I. Les contours de l’incrimination : entre dissimulation d’activité et dissimulation d’emploi salarié
I.A. La dissimulation d’activité : le critère de l’établissement permanent en France
Aux termes de l’article L. 8221-3 du code du travail :
« Est réputé travail dissimulé par dissimulation d’activité l’exercice à but lucratif d’une activité de production, de transformation, de réparation ou de prestation de services ou l’accomplissement d’actes de commerce par toute personne qui, se soustrayant intentionnellement à ses obligations : 1° Soit n’a pas demandé son immatriculation au registre national des entreprises en tant qu’entreprise du secteur des métiers et de l’artisanat ou au registre du commerce et des sociétés, lorsque celle-ci est obligatoire (…) ; 2° Soit n’a pas procédé aux déclarations qui doivent être faites aux organismes de protection sociale ou à l’administration fiscale en vertu des dispositions légales en vigueur. »

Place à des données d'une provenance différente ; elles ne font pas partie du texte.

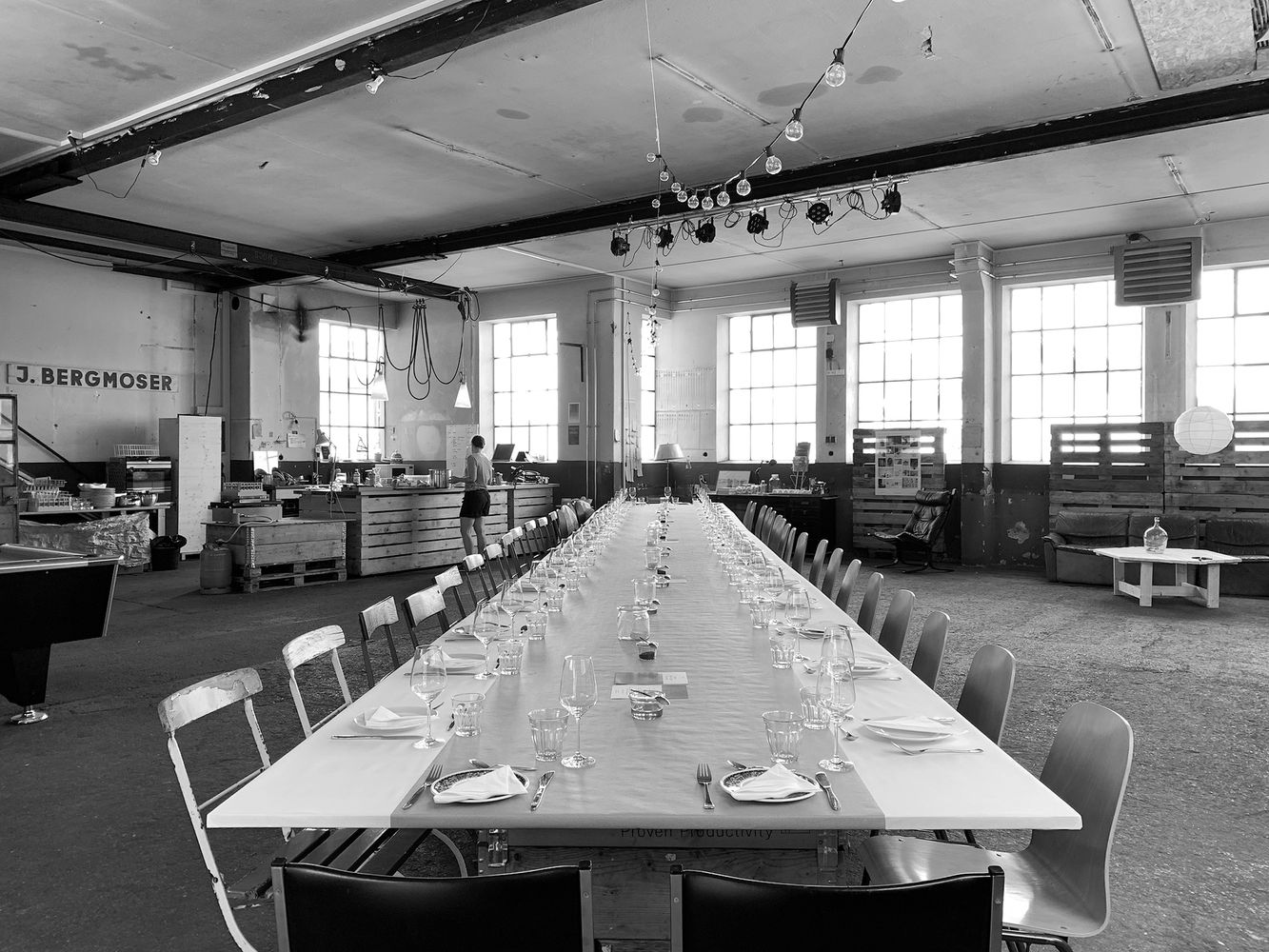 Der lange Tisch für das Grosse Essen in der Atelier Werkstatt, August 2019

La chambre criminelle a précisé les contours de cette incrimination dans un arrêt important du 4 février 2025 (n° 23-86.625). En l’espèce, une société de droit espagnol développait une activité en France représentant entre 72 % et 77 % de son chiffre d’affaires entre 2016 et 2019, sans jamais avoir été déclarée sur le territoire national. La chambre criminelle a approuvé les juges du fond d’avoir retenu que « le travail dissimulé par dissimulation d’activité s’entend, avant comme après le 7 septembre 2018, comme l’exercice d’une activité permanente, stable et continue en France sans déclaration »1.

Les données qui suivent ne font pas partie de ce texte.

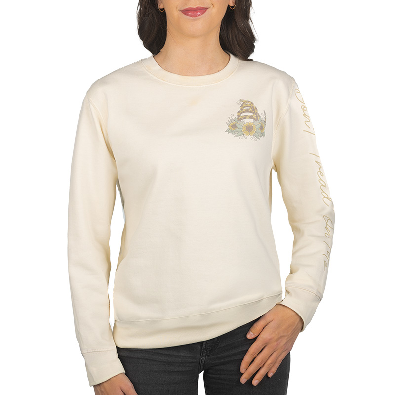 Designed with graceful strength and modern style, this piece offers a softer expression of independence and resolve. A floral-accented Don’t Tread on Me Gadsden snake rests on the left chest, while elegant cursive lettering runs down the sleeve, reinforcing a message of quiet confidence. Blending femininity with purpose, this design serves as a reminder that freedom is worth protecting—on your own terms.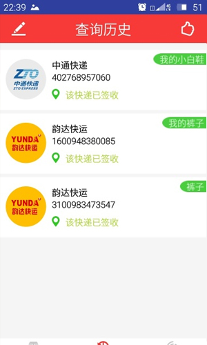 快递查询客户端应用特色: 1.快递查询客户端查询物流十分的详细。 2.快递查询客户端支持拨打各个快递的电话。 3.快递查询客户端支持快速查询快递订单的到达的位置,并记录到历史。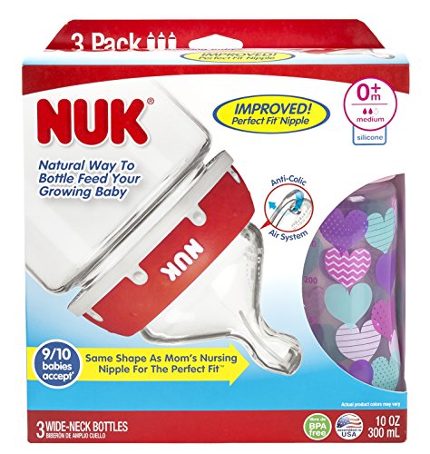 NUK ORTHODONTIC PERFECT FIT NIPPLE WIDE NECK BOTTLE, HEARTS, 10OZ, 3 COUNT

1 Cass. crim., 4 février 2025, n° 23-86.625, lien officiel.
Cette solution s’inscrit dans la lignée d’une jurisprudence constante qui distingue le détachement temporaire licite de l’implantation permanente constitutive de dissimulation d’activité. La Cour a en effet jugé que « la société exerçant une activité permanente en France et recrutant des salariés spécialement destinés à être envoyés dans ce pays pour y travailler, sans créer d’établissement en France, contourne la législation du travail française »2.
2 Ibid.
L’arrêt du 9 juin 2026 (n° 24-85.090), publié au Bulletin et au Rapport, constitue le dernier jalon de cette construction prétorienne. La chambre criminelle y examine le cas d’une société de prestation de main-d’œuvre fondée en 2001 en Espagne, qui avait développé une activité massive en France en répondant aux demandes de main-d’œuvre. La Cour a confirmé la déclaration de culpabilité pour travail dissimulé par dissimulation d’activité et de salariés, tout en censurant partiellement l’arrêt d’appel sur les peines complémentaires et la confiscation3.
3 Cass. crim., 9 juin 2026, n° 24-85.090 (Bull. crim. ; Rapport annuel), lien officiel.
I.B. La dissimulation d’emploi salarié : l’élément intentionnel et la preuve du lien de subordination
Aux termes de l’article L. 8221-5 du code du travail :
« Est réputé travail dissimulé par dissimulation d’emploi salarié le fait pour tout employeur : 1° Soit de se soustraire intentionnellement à l’accomplissement de la formalité prévue à l’article L. 1221-10, relatif à la déclaration préalable à l’embauche ; 2° Soit de se soustraire intentionnellement à la délivrance d’un bulletin de paie (…) ; 3° Soit de se soustraire intentionnellement aux déclarations relatives aux salaires ou aux cotisations sociales assises sur ceux-ci auprès des organismes de recouvrement des contributions et cotisations sociales (…). »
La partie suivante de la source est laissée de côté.